Как, и он тоже? Такой симпатичный парень!
- Нет. Я не хочу, у меня свое есть, - говорю я и отворачиваюсь.
Вадим искренне огорчен.
- Как хошь. Они свежие! - И откусывает половину пряженника. Желтоватое картофельное пюре торчит из серой оболочки пирога.
- Библиотека ворованного не жрет! - объявляет рыхлый парень. - Ей купленного мама подавала!
Раздаются смешки.
Я чувствую, что надо укоротить этого рыхлого парня, так как он наглеет все больше. Я подскакиваю к нему, хватаю его за горло и ору дико:
- Ты, сволочь, еще раз скажешь "библиотека" - вся морда в крови будет!
Он отталкивает меня, и секунду мы стоим друг против друга. Вагон с интересом следит за начинающейся дракой, я чувствую себя на нервном подъеме, злость за все увиденное кипит во мне, пусть тронет - буду бить в эту серую морду, пока сил хватит!
- Ну, погоди, сука! - говорит он и отходит.
Поезд трогается, снова равномерный стук, снова погромыхивает телячий вагон, унося нас в серую снежную даль.
Учусь жить
Трудно вспоминать то, что было двадцать - двадцать пять лет назад. События тускнеют, покрываются мутью времени, на них наслаиваются другие, более свежие; однако отдельные эпизоды ярко проступают, они отчетливы и рельефны, как будто были вчера, они отпечатались в памяти твердым чеканом дикого или страшного, и, вероятно, это уже на всю жизнь.
Ночь. Мы едем четвертые сутки. Едем невообразимо медленно. Подолгу стоим на промежуточных станциях, а то и просто в поле, нас то и дело отцепляют и прицепляют, и ставят в тупик.
Жизнь учит меня грубо и жестоко. Я уже не психую и не лезу в драку, когда на каждой остановке человек тридцать срываются громить базар, а только с тоской гляжу, как разбегаются бабы, утаскивая свои нехитрые пожитки, уже не замечаю ежедневных трофеев с базара, жадное, скотское поглощение их, а то и просто игру трофеями. Летят в прохожих из вагона вареная картошка, куски хлеба, кости от мяса…
Два эпизода запоминаются мне. Девочка лет десяти, закутанная в большой серый платок и в больших материных валенках, останавливается и подбирает кусок сухаря, которым ей залепили по спине, прячет его в рукав какого-то драного полупальтишка и стоит, ждет - может быть, еще бросят?
Двое парней притаскивают в вагон ведро овсяного киселя и сразу же закрывают за собой дверь.
- Бегить бабка за нам! - объясняют они, вынимают ложки и начинают хлебать кисель. Их окружают еще четверо, кисель - это вкусно, ведь мы все время едим всухомятку, иногда размачивая наш рацион кружкой кипятку, нацеженного на станции, а тут - кисель! Целое ведро!
Мне слышен старушечий голос за дверью, жалобный и монотонный.

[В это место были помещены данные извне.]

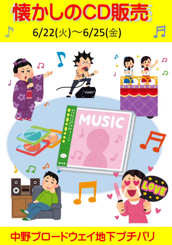 HOME > イベント&ニュース > イベント > イベント イベント&ニュース 懐かしのCD販売 6/22(火)~6/25(金) 2021/06/06 中野ブロードウェイに「懐かしのCD販売フェア」が4日間限定でOPEN!! 昭和・平成時代の思い出の演歌・歌謡曲・アイドルソングを おうち時間を使ってゆっくり味わってください。 ●日時:2021年6/22(火)~6/25(金) の4日間●場所:中野ブロードウェイ地下プチパリ内 (ビル中央エスカレーターを降りた正面の会場) -イベント, イベント&ニュース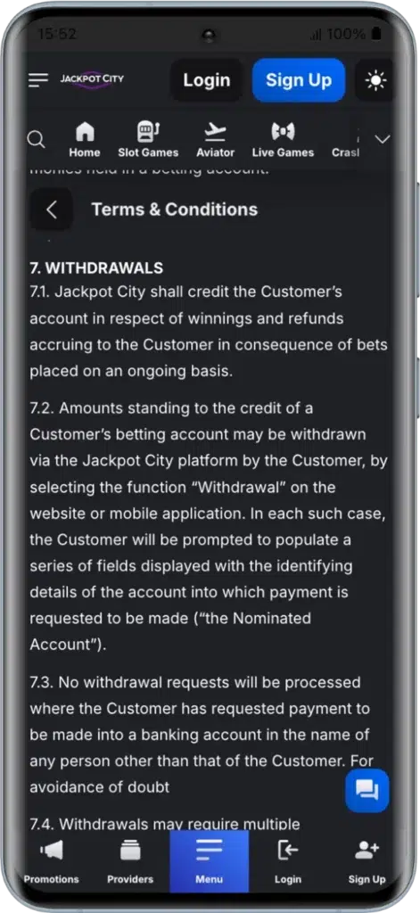Important: Jackpot City withdrawal funds will only be sent to your account or chosen method, never to third-party accounts.

Слов не разобрать, но ясно, что просит она отдать ведро, просит безнадежно, не надеясь на удачу. Скулит старуха за дверью, с аппетитом чавкают шесть ртов в вагоне.
Через некоторое время раздается властный стук в дверь.
- Открывай!
Мы слышим голос сопровождающего. Ведро быстро убирают под нары, ложки за онучи. Дверь открывается.
- Ведро брали? - строго спрашивает он.
- Не… Како ведро? - тянет смуглый парень, тот, что рассказывал о девках.
- Я говорю - где ведро? - повышает тон сопровождающий. Меня охватывает радость. Сейчас он отнимет у них добычу, а этих сволочей…
- Вот что, робята! - говорит сопровождающий. - Бабка шум подняла, могет охрану станции вызвать. Вы кисель-то съешьте, а ведро бросьте ей, пусть подавится!
Смуглый берет ведро, открывает двери с другой стороны вагона и выкидывает ведро с остатками киселя под насыпь.
Сопровождающий уходит. Все довольны. За дверями бряканье пустого ведра и удаляющиеся всхлипывания.
Еще одно воспоминание.
Поздно вечером, когда вагон укладывался спать, к нам постучали, а затем в вагон влез пожилой мужик, за ним другой, помоложе, с сундучком, а за ними… толстая девка с косами…
- Дозвольте до Котельнича проехать, робята! - говорит пожилой, пристраивая котомку и располагаясь, но его никто не слушает, появление девчонки в вагоне встречается многоголосым ревом:
- Глянь! Баба!
- Вот это конпот! Вот это товар!
- Ташши ее на нары!
- Ну, робя, вставай в очередь!
- А, мать твою в душу, - грудастая!
- А вон с ей старик!
Я весь холодею, и сердце начинает быстро биться. Я слышу, как уже прыгают с нар, вижу, как испуганно прижалась к старику девчонка, а поезд трогается в эту минуту и набирает ход! Сейчас произойдет что-то страшное, я не дам тронуть ее, буду биться хоть с половиной вагона, пусть меня изобьют, искалечат, не дам! Сколько их вокруг? Шесть? Семь? Пускай! Рука нащупывает полено. Вот сейчас! Сейчас…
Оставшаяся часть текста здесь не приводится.